▶ _Exercise data_:
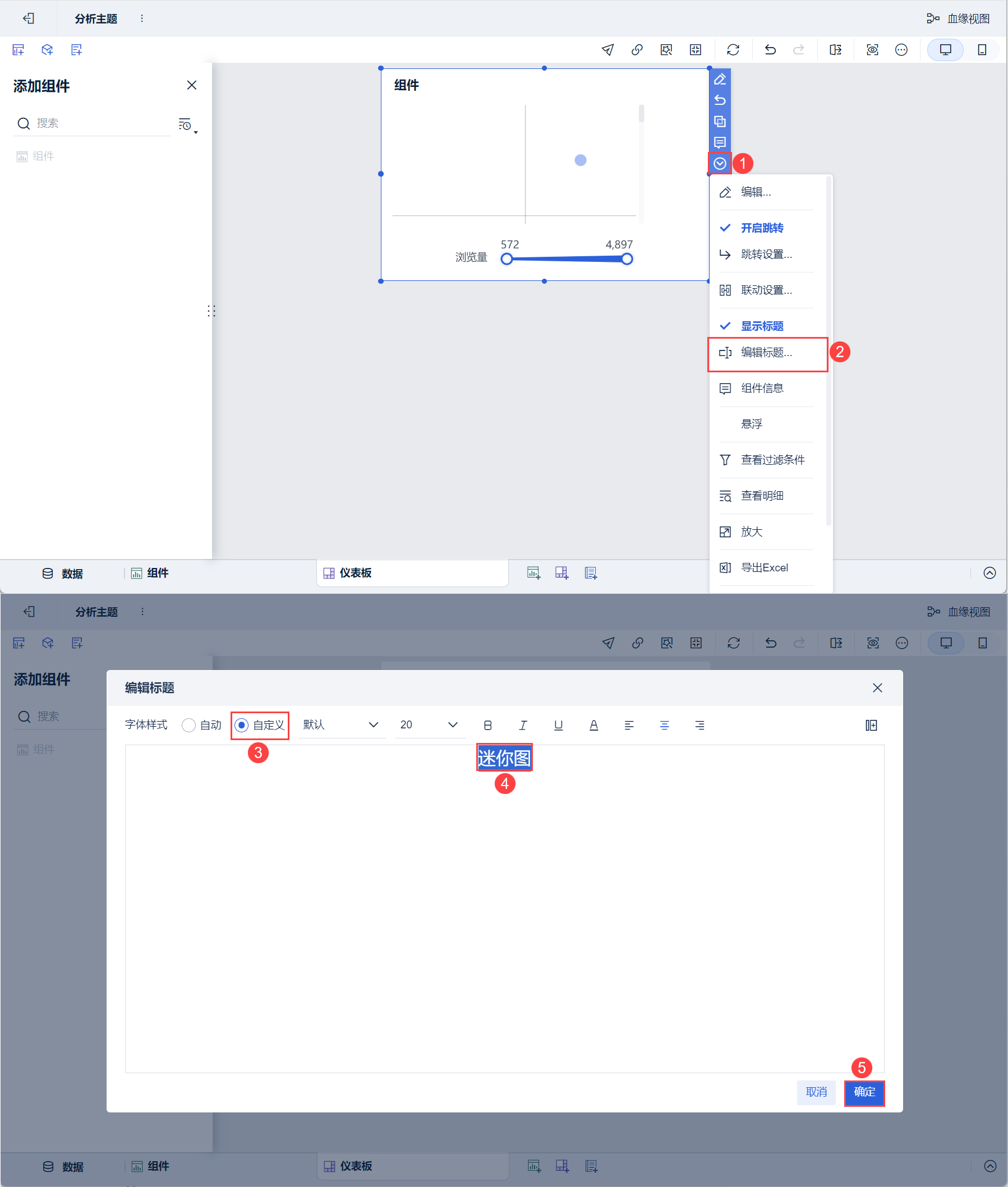 3)下拉选择「编辑标题」,样式选择「自定义」,设置标题为「迷你图」,点击「确定」。如下图所示:
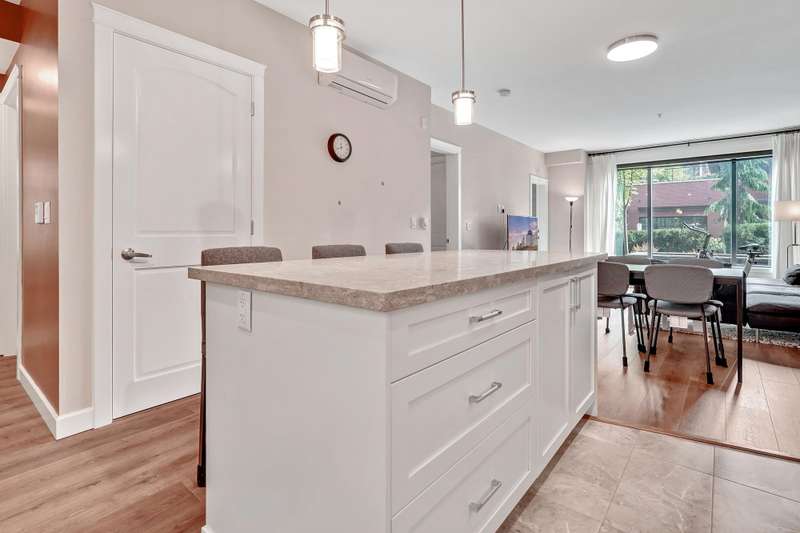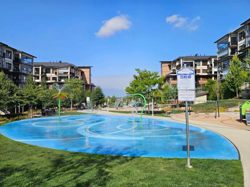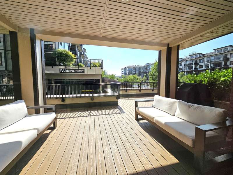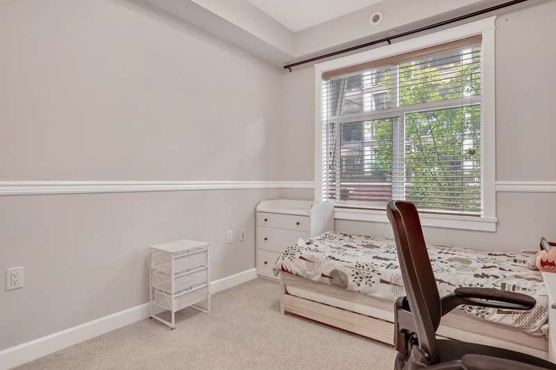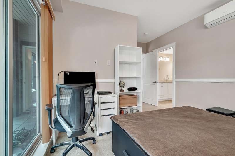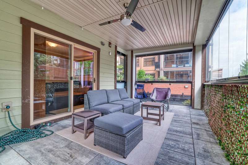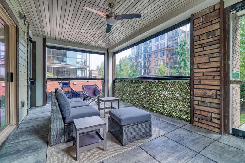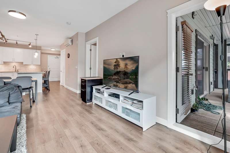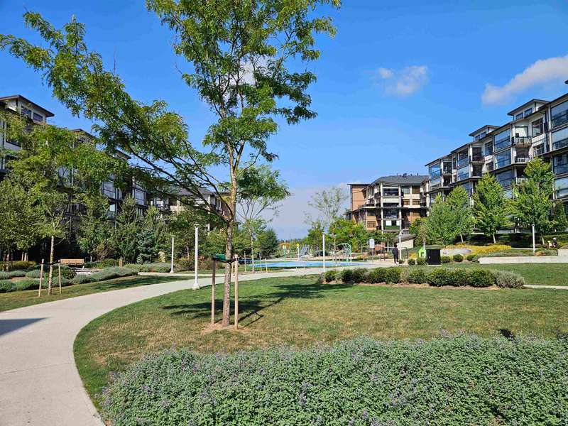 Yorkson Park Central! Large 1,129 SqFt 3 bed, 2 bath, northeast corner, and ground floor unit. The gourmet kitchen comes with stainless appliances, including gas cooktop, quartz countertops, and ample cabinet spaces. Your comfort living with energy efficiency heat-pump heating and cooling for all rooms and floor heating for bathrooms. Open concept indoor living space and all year round glass-enclosed 261 SqFt solarium with gas hookup. Two side by side parking and storage locker next to the parking. The well-run building comes with fitness, lounge, children's playroom, and playground. Great location with steps to Carvolth Park & Ride and easy access to Hwy 1, shopping, restaurants, and parks. School catchment: Willoughby Elementary, Yorkson Creek Middle, and R.E. Mountain Secondary.
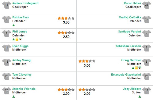 Điểm của cầu thủ trận M.U - Sunderland

▶ _Exercise brief_:
Set out the material once more, exact in every line, with no images.

▶ _Exercise answer_:
 3)下拉选择「编辑标题」,样式选择「自定义」,设置标题为「迷你图」,点击「确定」。如下图所示:
 Yorkson Park Central! Large 1,129 SqFt 3 bed, 2 bath, northeast corner, and ground floor unit. The gourmet kitchen comes with stainless appliances, including gas cooktop, quartz countertops, and ample cabinet spaces. Your comfort living with energy efficiency heat-pump heating and cooling for all rooms and floor heating for bathrooms. Open concept indoor living space and all year round glass-enclosed 261 SqFt solarium with gas hookup. Two side by side parking and storage locker next to the parking. The well-run building comes with fitness, lounge, children's playroom, and playground. Great location with steps to Carvolth Park & Ride and easy access to Hwy 1, shopping, restaurants, and parks. School catchment: Willoughby Elementary, Yorkson Creek Middle, and R.E. Mountain Secondary.
 Điểm của cầu thủ trận M.U - Sunderland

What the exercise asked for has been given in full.